• [EXERCISE PROMPT] Everything from the line with "Men's personality tide" to the end of the entries should be set down exactly, except the pictures.

[Start of section]

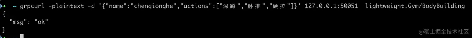 grpcurl -plaintext -d '{"name":"chenqionghe","actions":["深蹲","卧推","硬拉"]}' 127.0.0.1:50051 lightweight.Gym/BodyBuilding
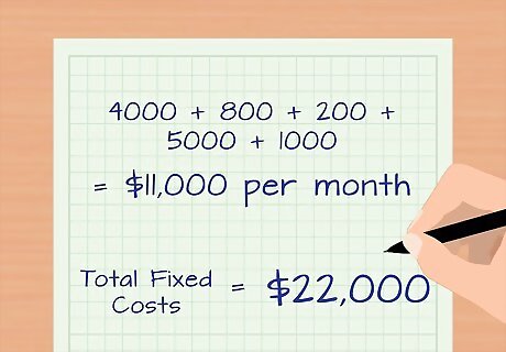 Combine total fixed costs. Fixed costs are those costs that don't change based on how many products you produce. This includes things like the rent on the building used to produce or sell the good, the cost of buying or maintaining manufacturing equipment, property taxes, and insurance. This can also include the cost of payroll for employees not directly involved in the manufacturing process. Sum these costs to determine total fixed costs. Going with our previous example, manufacturing 10,000 units in two months, let's say you spend $4,000 per month on rent for your manufacturing space, pay $800 per month in property taxes, $200 in insurance, $5,000 in non-manufacturing (administrative) wages, and $1,000 in depreciation expense on your machinery. This would total $11,000 per month in fixed expenses. Because you're measuring for two months, simply double this number to get $22,000 in total fixed costs. For more information, see how to calculate fixed cost. Keep in mind that this does not include any variable costs, or costs incurred based upon how many products you produce. Variable costs can be materials used in production, utilities, labor costs from manufacturing employees, and packaging expenses.
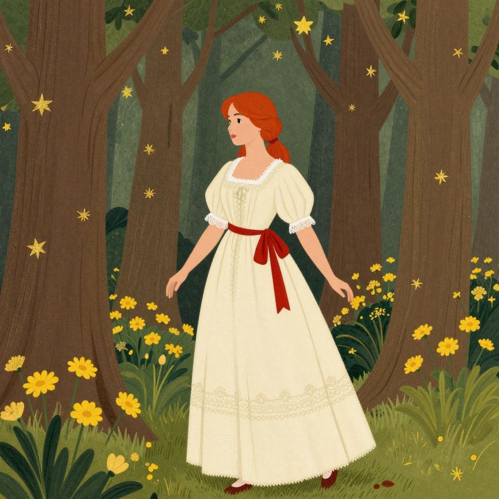 Illustration of a serene young woman with vibrant red hair in a cream-colored dress with lace details and a red sash, standing gracefully in a forest. The scene features tall trees decorated with glowing golden stars and blooming yellow flowers on the forest floor, evoking a magical, fairy-tale atmosphere.
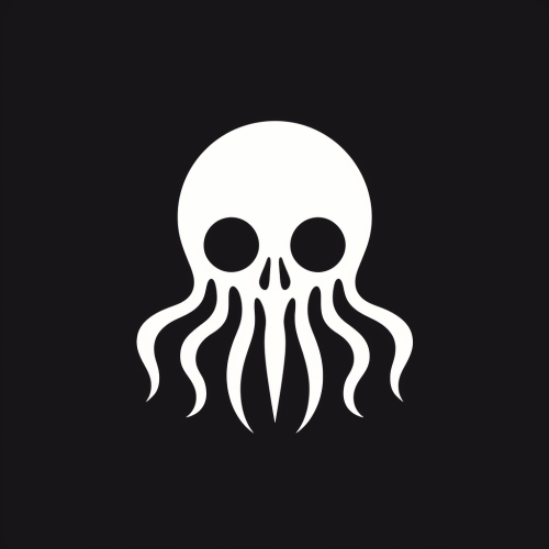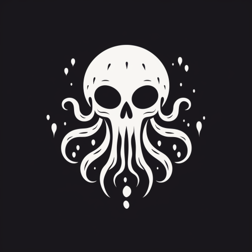 ghost, lovecraftian, cute, skull, white, logo, illustration, creepy, Very simple, strong outline, bold, black and white, high res, svg vector, flat with no background and no shadows
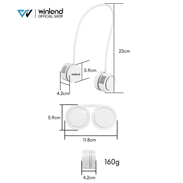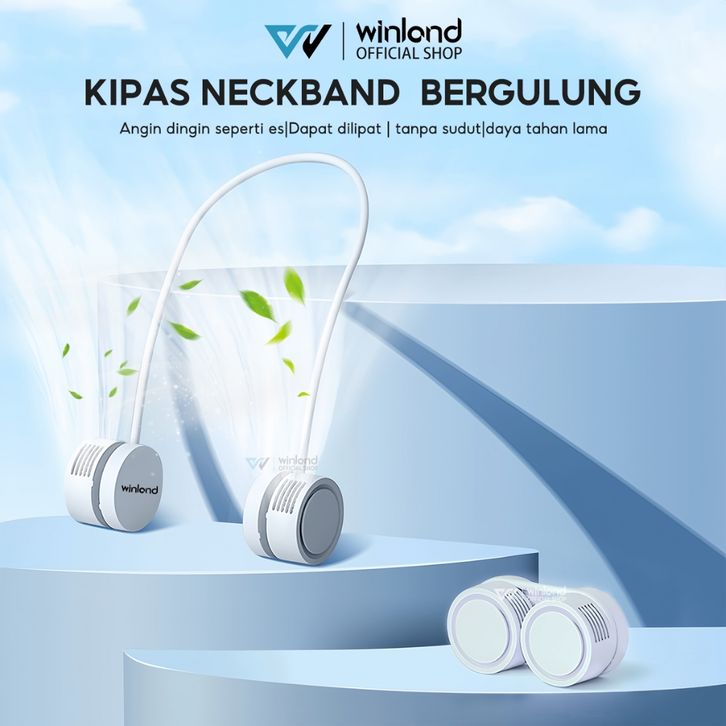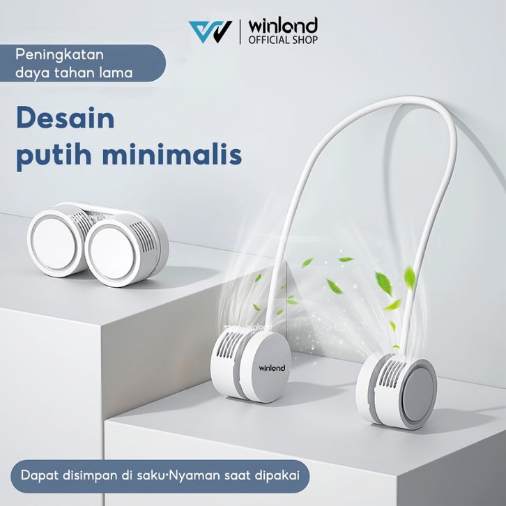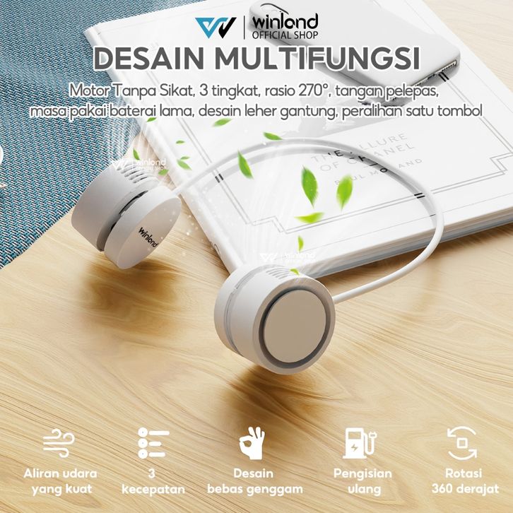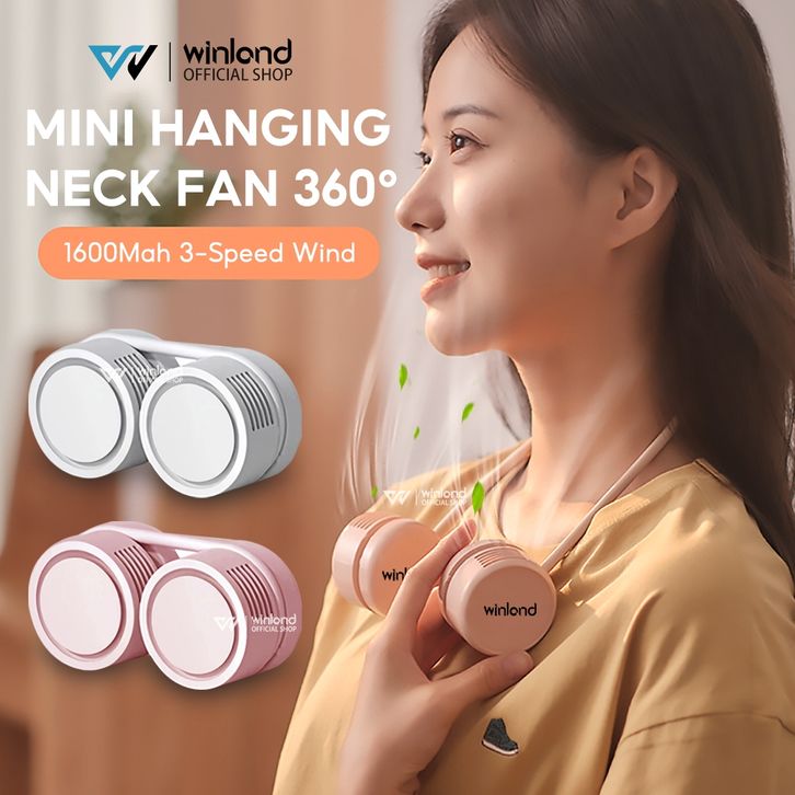 Kipas Angin Leher Winland Portable Mini Hanging Neck Elektrik Fan Rechargeable
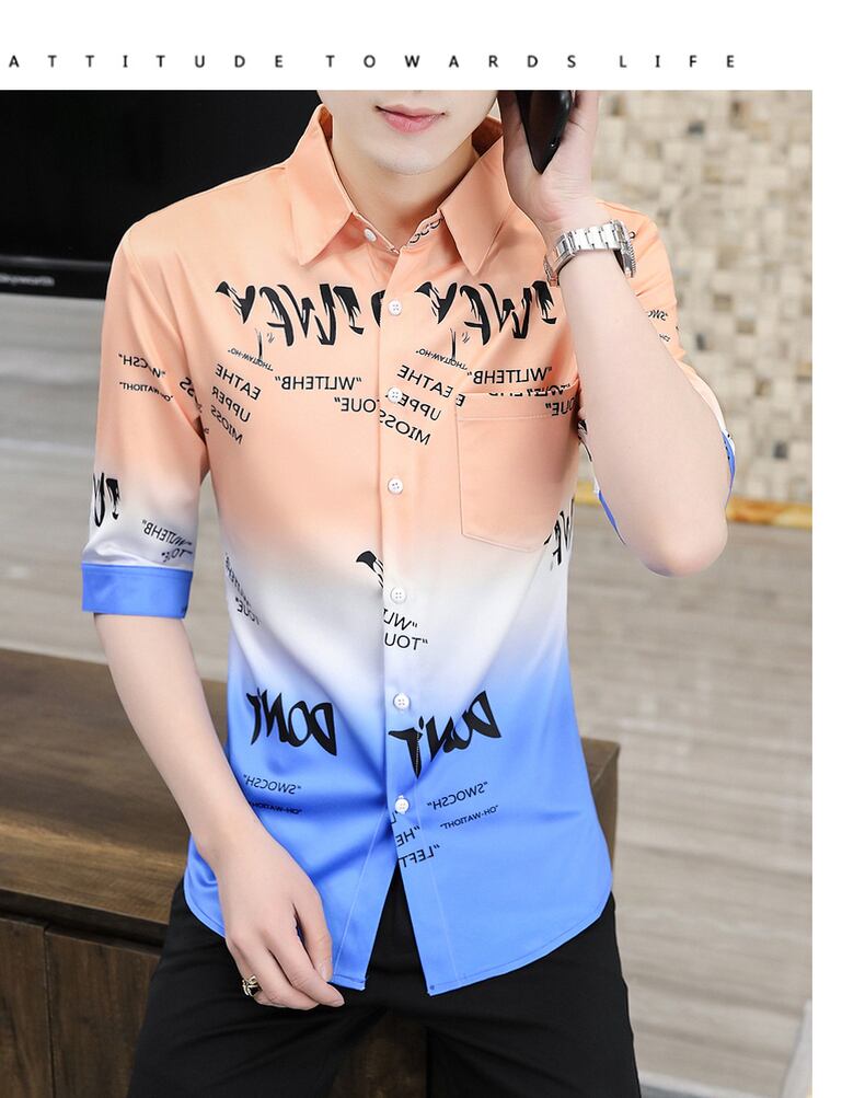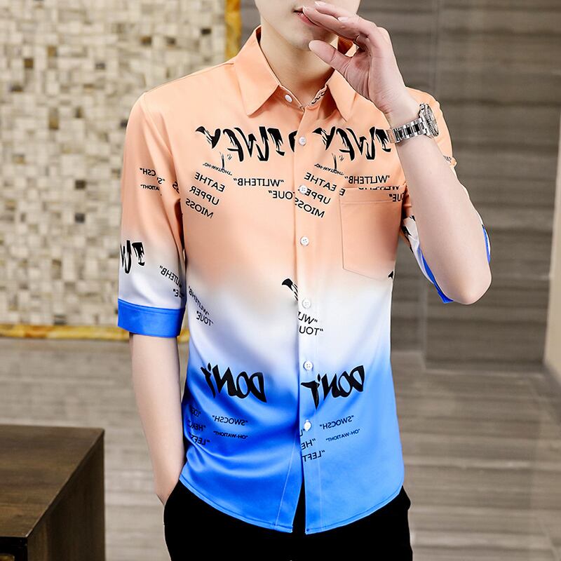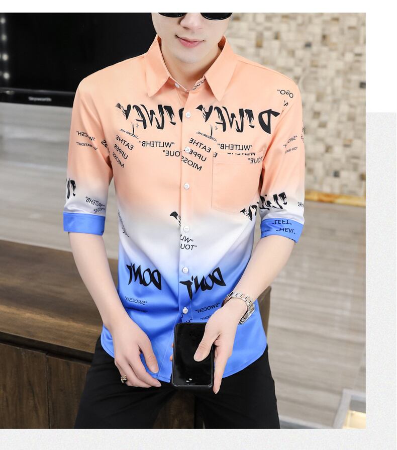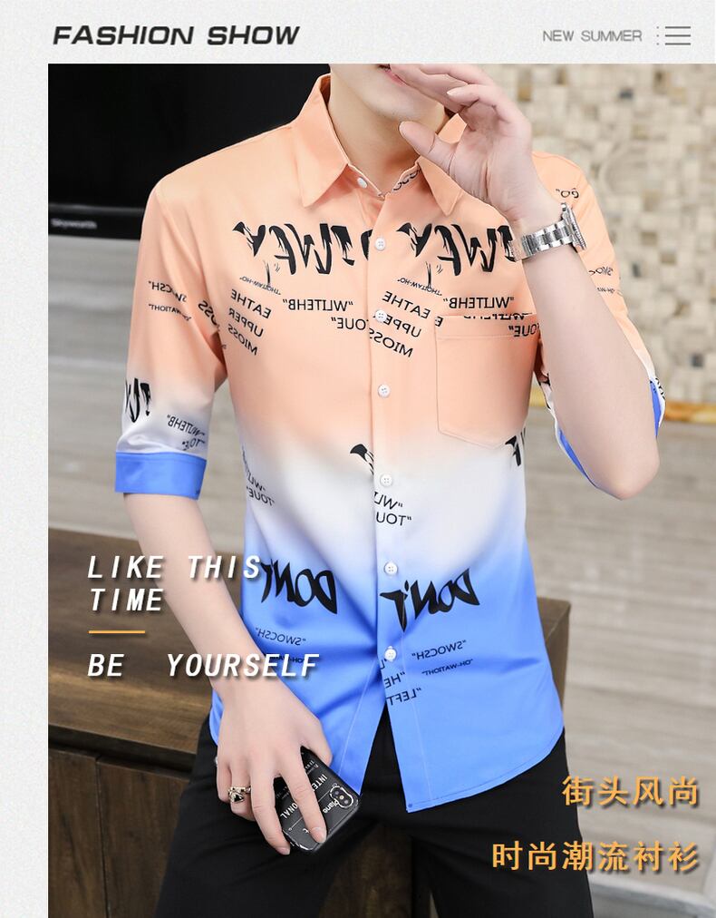 Men's personality tide brand hair stylist men's gradient short-sleeved shirt summer student thin section net red three-quarter sleeve shirt レッド サマー 夏物 doushi77521784028
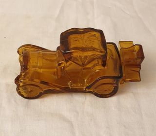 Ancien flacon de Lotion après-rasage, d'une contenance de 180 ml, en verre de couleur ambrée, en forme de voiture. Objet vintage distribué par Avon Packard Roadster, dans les anné
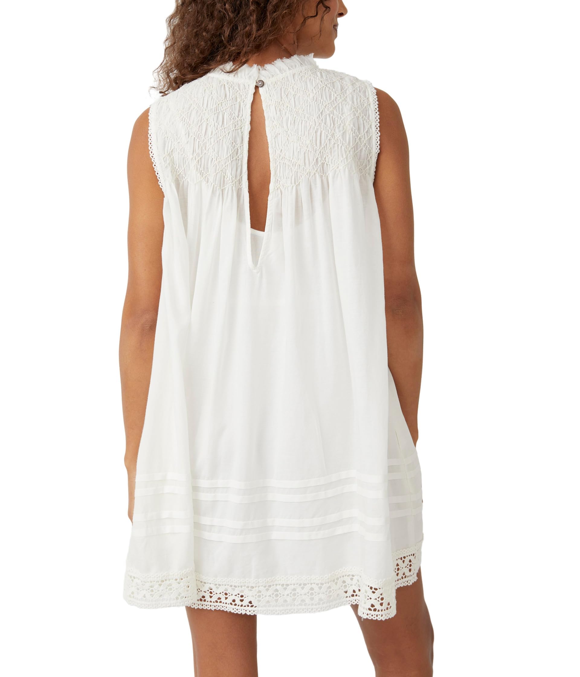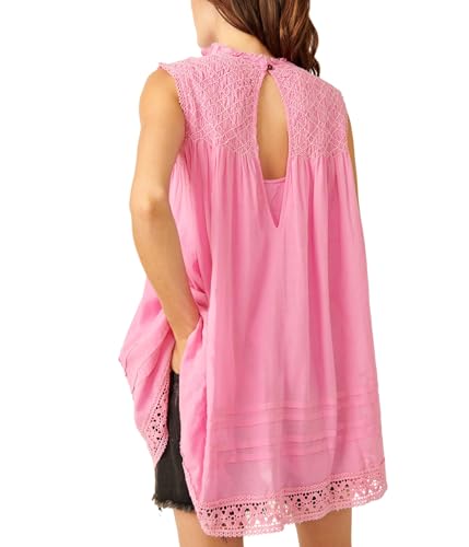 Features: Soft cotton-blend, printed detail all over, subtle scoop neckline with raw trim, sleeveless style, contrast lace trim, keyhole cutout at back with button closure

[End of section]

• [EXERCISE ANSWER]
 Men's personality tide brand hair stylist men's gradient short-sleeved shirt summer student thin section net red three-quarter sleeve shirt レッド サマー 夏物 doushi77521784028
 Ancien flacon de Lotion après-rasage, d'une contenance de 180 ml, en verre de couleur ambrée, en forme de voiture. Objet vintage distribué par Avon Packard Roadster, dans les anné
 Features: Soft cotton-blend, printed detail all over, subtle scoop neckline with raw trim, sleeveless style, contrast lace trim, keyhole cutout at back with button closure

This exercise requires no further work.